To resolve this issue, go to<your_IoT_Hub> > IoT Edge > <your IoT Edge Runtime device> > Device Twin. On this page the following JSON object should appear at the root level of the device twin:

"tags" : {
"__type__": "iiotedge",
"os": <device OS>
}
If these tags are missing, add them and restart the modules of the IoT Edge Runtime device.
Unable to upload or download a Kepware project
The upload and download features for projects on a ThingWorx Kepware Server (TKS) are not supported in the ThingWorx Azure IIoT OPC UA integration. If you are running another type of OPC UA Server that supports upload and download of project files, it is likely that it also will not work.

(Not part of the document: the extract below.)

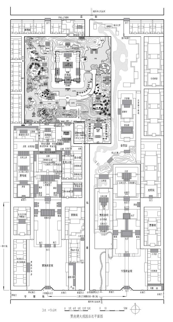 书中有言,那宁荣二府的大门,大略是一箭之地。一箭之地大致为130到150步,每步5尺,乾嘉时每尺为0.31米,如此算来,一箭之地约为200多米的样子。所以,比照上图的两府大门距离,我们大致可以估出,大观园的宽度约300米,长度约500米。这一圈算下来,周长大概有1600多米。考虑到现在的市里比明清时代的里稍长,这长度与第十六回里贾蓉所说“从东边一带,借着东府里花园起,转至北边,一共丈量准了,三里半大……”是吻合的。

Unable to see Kepware diagnostic properties
The Kepware diagnostics properties are not supported by this integration. If you are using an OPC UA Server other than TKS and have similar properties, it is likely that they will not work.

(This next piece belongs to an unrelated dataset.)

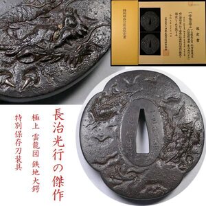 厳選金工特集② ◆特別保存刀装具◆「長治光行」が誇る最高傑作! 「極上 雲龍図」 鉄地大鍔 鉄味・細工共に最上級です 【安値出発】k424

Errors When Using Microsoft Azure SQL Database as the ThingWorx Persistence Provider
When using the Microsoft Azure SQL database as the ThingWorx Persistence Provider in the ThingWorx Microsoft Industrial IoT OPC UA integration, property bindings do not work. The cause of this issue is the limitation of index size on Microsoft Azure SQL.
The following error message in the ApplicationLog indicates that the ThingWorx AzureOpcUaPropertyMapDataTable data table is present and the index exceeds the Microsoft Azure SQL limitation on indexes:

Unable to add data table entry because com.thingworx.common.exceptions.DataAccessException: [1,018]
Data store unknown error: [Error occurred while accessing the data provider.] Unable to dispatch
[ uri = /Things/AzureOpcUaPropertyMapDataTable/Services/AddOrUpdateDataTableEntries/]:
Unable to Invoke Service AddOrUpdateDataTableEntries on AzureOpcUaPropertyMapDataTable :
java.lang.RuntimeException: com.thingworx.common.exceptions.DataAccessException: [1,018]
Data store unknown error: [Error occurred while accessing the data provider.]
WORKAROUND: To avoid this error, follow these steps:
1. Log in to ThingWorx Composer and navigate to the AzureOpcUaPropertyMapDataTable.
2. Click Configuration to display the following page:
3. Click Edit to display the editing tools. Click the icon next to each index to delete them, and then click Save, as shown here:
4. Under Configuration, select the two indexes listed, Thing Property and Endpoint and Note IDs, and click Delete to remove them.
5. For this change to take effect, you must restart the ThingWorx Platform.
Restarting One or More Connectors Disconnects Industrial Connection But Telemetry Still Flows
This issue is specific to the ThingWorx High Availability Clustering environment. When one or more Connectors are restarted, you need to wait for at least two minutes for the Industrial Connection and the Remote Things to reconnect to the ThingWorx Platform instance. It can take this long for the Industrial Connection and Remote Things to return to the connected state in an HA Cluster.